“I hope that will not be needed,” he said, bowing (thinking with a pang, “They all know her better than I do"). “I am sure she will do equally well if we all beg the favor of her.”
“She has promised me to sing,” said Dr. B——, “my pretty Languedoc air, which she has—”
“Now that’s enough, you foolish old doctor!” and she went to the piano. “Foolish old doctor!” He was the great gun of the scientific world: the people about looked aghast at such impertinence, but the “great gun” only laughed and said, “I am mute if you command.”
How her hands trembled as she began! This was her last and greatest card: by it she had always felt she must hold him to her for ever, or lose her husband’s love in time. She had never touched the piano before him or sung a note, but much of her leisure since their return to New York had been taken up, when he was out, in keeping herself in practice against the time when she should have a chance to play for him and sing to him. She played the sweet air, with its Mozart-like, mournful cadences, entirely through ere she felt nerved enough to begin. Then she sang in such a voice as made the most indifferent pause—a voice that was like purple velvet for richness, as sweet as the breath of an heliotrope to which the sun had just said adieu, as clear as the notes of an English skylark—this little song:
“See, love! the rosy radiance gleams
Athwart the sunset sky:
List, love! and hear the bird’s
sweet notes
In lingering cadence die.
Clasp, love, thy clinging hands in mine,
And, holding fast by me,
Trust, love!
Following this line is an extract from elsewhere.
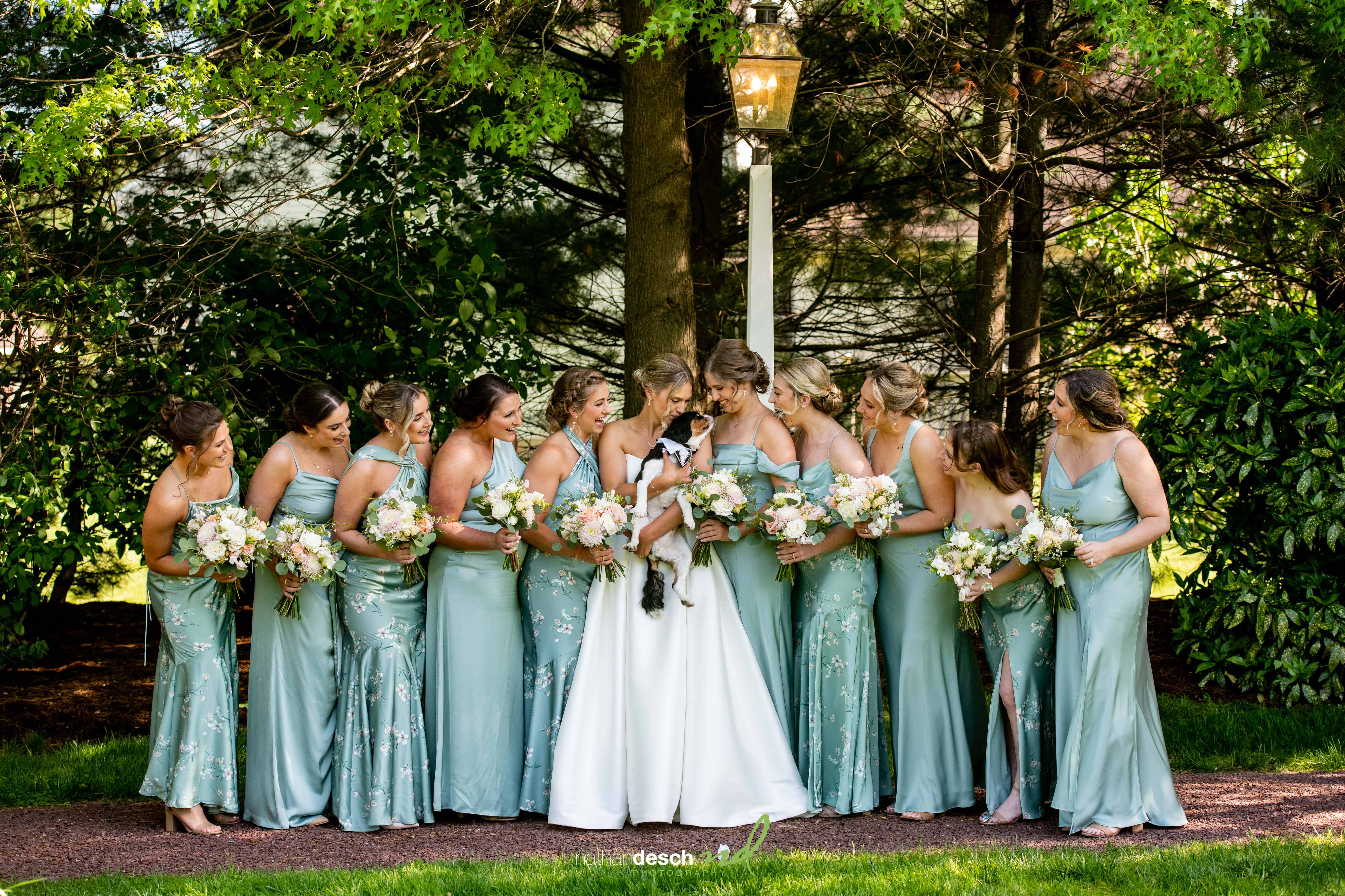 After the ceremony, we captured family portraits right at the church, followed by more romantic and fun portraits back on the stunning grounds of the Inn at Leola Village. One particularly joyful surprise was orchestrated by Leah’s mom, who arranged for their beloved dog to make an unexpected appearance, much to everyone’s delight!

I will be true, my dove,
Be ever true to thee—
So true, sweetheart, I’ll be,
Sweetheart, to thee!
“Come, love! I waiting pine
so long,
And weary watch for thee:
Dear love! amidst my darkest night
Thy star-like face I see.
Heart’s love! ah, come thou close
to me:
I’ll shelter thee from harms,
From every foe or secret woe,
Close clasped within my arms:
Lie safe from all alarms,
Sweetheart, with me.”
While they listened to her, those careless men and women, they thought they began to understand why this little, plain girl had won Ross Norval. While everybody praised her, he stood utterly silent, too moved for words she saw, and refusing to sing again, she went up to him as the band began to play. “My waltz, Ross,” she said. He put his arm around her with a loving gesture that made those about them smile, and whirled her off.
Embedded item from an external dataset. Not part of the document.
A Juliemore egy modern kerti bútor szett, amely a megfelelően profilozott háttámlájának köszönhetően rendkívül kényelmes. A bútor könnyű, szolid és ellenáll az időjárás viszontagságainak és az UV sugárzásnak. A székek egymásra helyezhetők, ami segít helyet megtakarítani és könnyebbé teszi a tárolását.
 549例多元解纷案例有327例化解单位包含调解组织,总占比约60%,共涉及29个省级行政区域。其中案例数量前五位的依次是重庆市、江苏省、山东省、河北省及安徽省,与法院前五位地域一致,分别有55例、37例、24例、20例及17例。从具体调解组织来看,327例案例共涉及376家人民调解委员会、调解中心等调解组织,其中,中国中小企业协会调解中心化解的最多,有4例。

“He’s the hardest hit man I’ve seen for years,” said one.
“And that such a thing should come to pass, as Ross Norval in love with his own wife, is beyond belief—after making love to everybody else’s!”
“That’s it! He was always the darling of fortune: the choicest fruit always dropped his side the wall.”
But Ross, as he held her in that “tight hold” which was so much admired by his partners, said only, “Percy! Percy! I do not know you at all. How cruel you are to me! Everybody knows you and your gifts but me.”